According to SIM USA, Nancy Writebol, the missionary from Charlotte who was also infected with the Ebola virus, was discharged from Emory University Hospital on Tuesday, August 19.

In a news release issued on Thursday, SIM USA said, "She and her husband, David, have gone to an undisclosed location to rest and spend time with one another."

Ebola patient Dr. Kent Brantly was released from Emory University Hospital Thursday. The doctor attributed his recovery to the skilled medical staff at Emory and all of the prayers for him around the world. VPC

Related: Ebola Patient Dr. Brantly: "I'm Feeling Stronger Every Day"

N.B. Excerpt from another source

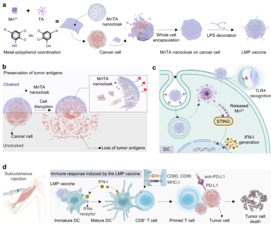 郭俊凌教授团队长期围绕植物多酚在基础科学和前沿应用领域开展研究,发展了面向跨领域应用的植物多酚基功能材料体系(Science 2018, Sci. Adv. 2021; Nat. Nanotechnol. 2016, Nat. Commun. 2022; Matter 2023; Angew. Chem. 2014, Angew. Chem. 2019, Angew. Chem. 2023, , Angew. Chem. 2024; Adv. Mater. 2013, Adv. Mater. 2020; Adv. Mater. 2023; Appl. Phys. Rev. 2022; Chem. Soc. Rev. 2022; Energy Environ. Sci. 2019; EES Catalysis 2024; Environ. Sci. Technol. 2023; ACS Nano 2023; Chem. Mater. 2023等)。近日,该团队开发了一种由金属多酚纳米涂层包裹肿瘤细胞的策略,并进一步用细菌脂多糖(LPS)进行表面修饰作为疫苗佐剂,构建了全细胞疫苗,称为LMP vaccine(图1)。研究构建了植物多酚单细胞涂层,保存了被包裹肿瘤细胞所有的新癌抗原。在被树突状细胞摄取后,LMP vaccine在树突状细胞内部释放锰离子和肿瘤抗原组分刺激先天免疫通路STING,与肿瘤抗原协同促进了树突状细胞的成熟,并进一步将肿瘤抗原信号呈递给T细胞,从而实现了增强的抗肿瘤免疫反应,抑制了肿瘤的生长。该研究成果以“Metal-Phenolic Nanocloaks on Cancer Cells Potentiate STING Pathway Activation for Synergistic Cancer Immunotherapy”为题发表于国际化学顶级期刊Angewandte Chemie International Edition,并被选为“Hot Paper”,文章的通讯作者为郭俊凌教授和何云翔副研究员(专职科研),第一作者为四川大学2020级硕士研究生和向莲。香港中文大学生物医学8bo足球比分
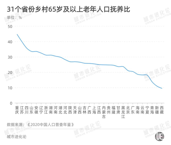 老年人口占比较高的省份,同样也是抚养比偏高的省份。其中,重庆乡村老年人口抚养比高达44.6%,江苏、四川居于其后,该比例分别为39.8%和35.6%。

Samaritan's Purse, the Christian humanitarian organization for which Brantly works, released this statement from its president, Franklin Graham, Thursday morning:

Today I join all of our Samaritan's Purse team around the world in giving thanks to God as we celebrate Dr. Kent Brantly's recovery from Ebola and release from the hospital. Over the past few weeks, I have marveled at Dr. Brantly's courageous spirit as he has fought this horrible virus with the help of the highly competent and caring staff at Emory University Hospital. His faithfulness to God and compassion for the people of Africa have been an example to us all.

I know that Dr. Brantly and his wonderful family would ask that you please remember and pray for those in Africa battling, treating and suffering from Ebola. Those who have given up the comforts of home to serve the suffering and the less fortunate are in many ways just beginning this battle.

We have more than 350 staff in Liberia, and others will soon be joining them, so please pray for those who have served with Dr. Brantly -- along with the other doctors, aid workers and organizations that are at this very moment desperately trying to stop Ebola from taking any more lives.